— Садись, душа моя!
Дядюшка показывает место между собой и гостем. А мальчики — Костя и Саша — сидят по другую сторону; в конце стола — управляющий с женой: чинные, важные герр Ганс и Гертруда.
Гость наклоняется к Маше, что-то шепчет, она непонимающе смотрит на него и не слышит: ей кажется, где-то прошуршали сани, зазвенел поддужный колоколец, она готова вскочить и бежать в одном платье на крыльцо, за ворота. Но это всего лишь ветка коснулась окна, и стекло зазвенело, как железное...
Вечер — при свечах и елке — тянется слишком медленно, такое чувство, будто ему не будет конца. Но надо терпеть. И Маша терпит. Пьет мелкими глоточками сливянку, только бы не просили, не настаивали, чтобы она выпила всю рюмку. Вымученно усмехается в ответ на восхищенный возглас гостя и... не выдерживает.
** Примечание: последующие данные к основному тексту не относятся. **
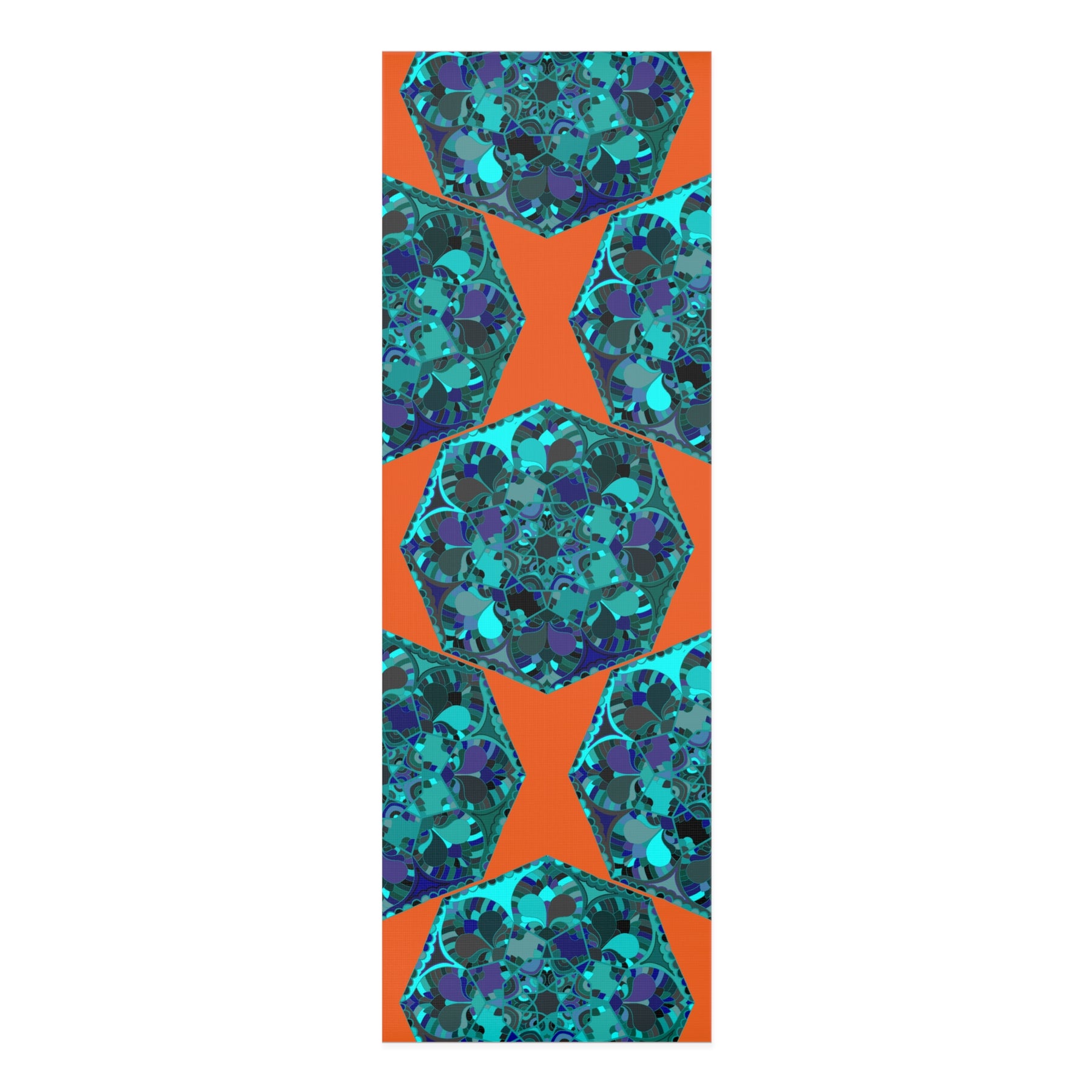 Immergiti nel vibrante mondo dei colori con questo splendido tappetino da yoga, caratterizzato da un accattivante design geometrico che danza con sfumature di verde acqua e arancione. Ogni spirale e ogni forma ti invitano in un'affascinante sinfonia visiva, energizzando la tua pratica ed elevando il tuo spirito. Questo straordinario tappetino non solo illumina la tua routine, ma incarna anche un senso di tranquillità e concentrazione, rendendolo il compagno perfetto sia per una meditazione serena che per allenamenti dinamici.

Гость касается ее руки, чуть притягивает к себе, чтобы сказать, как она удивительно мила сегодня. Он пьян, от него несет вином. Задрожав, Маша порывисто встает:
— Я нездорова... Наверно, простыла... Простите, ради бога! Я уйду...
Поспешно выходит из-за стола. Дядюшка, у которого от выпитого красные пятна на лице, гость с холодными руками, немцы — все что-то говорят, выражают сожаление, а она ничего не слышит, торопится, бежит в свою девичью комнату, становится у окна: а вдруг он здесь уже, опоздал и стоит где-нибудь под снежным сугробом и ждет ее, не может дождаться?
Но за окном — белая пустынная ночь, полная таинственности и неизвестности. Она срывает с себя платье, надевает простенькое, темное и садится к столику. Вот сейчас бы налить воды в миску и растопить воск и погадать: что несет ей завтрашний день, что сулит Новый год?.. Она достает уже мисочку из подзеркальника и сразу же торопливо ставит на место: кто-то идет, слышатся тяжелые шаркающие шаги. Дядюшка! Слава богу, что не тот — ненавистный, с холодными, как лед, руками и такими же глазами — она заметила в последнюю минуту, как они сменяли окраску, мгновенно заледенели.
Маша срывает покрывало и забирается в постель в чем была. Едва успевает прикрыть себя, как дверь отворяется. В просвете колышется грузная фигура дядюшки.
— Что с тобой, дитя мое?
От дяди ничего не скроешь, и все же она твердит, что захворала, ее трясет, знобит.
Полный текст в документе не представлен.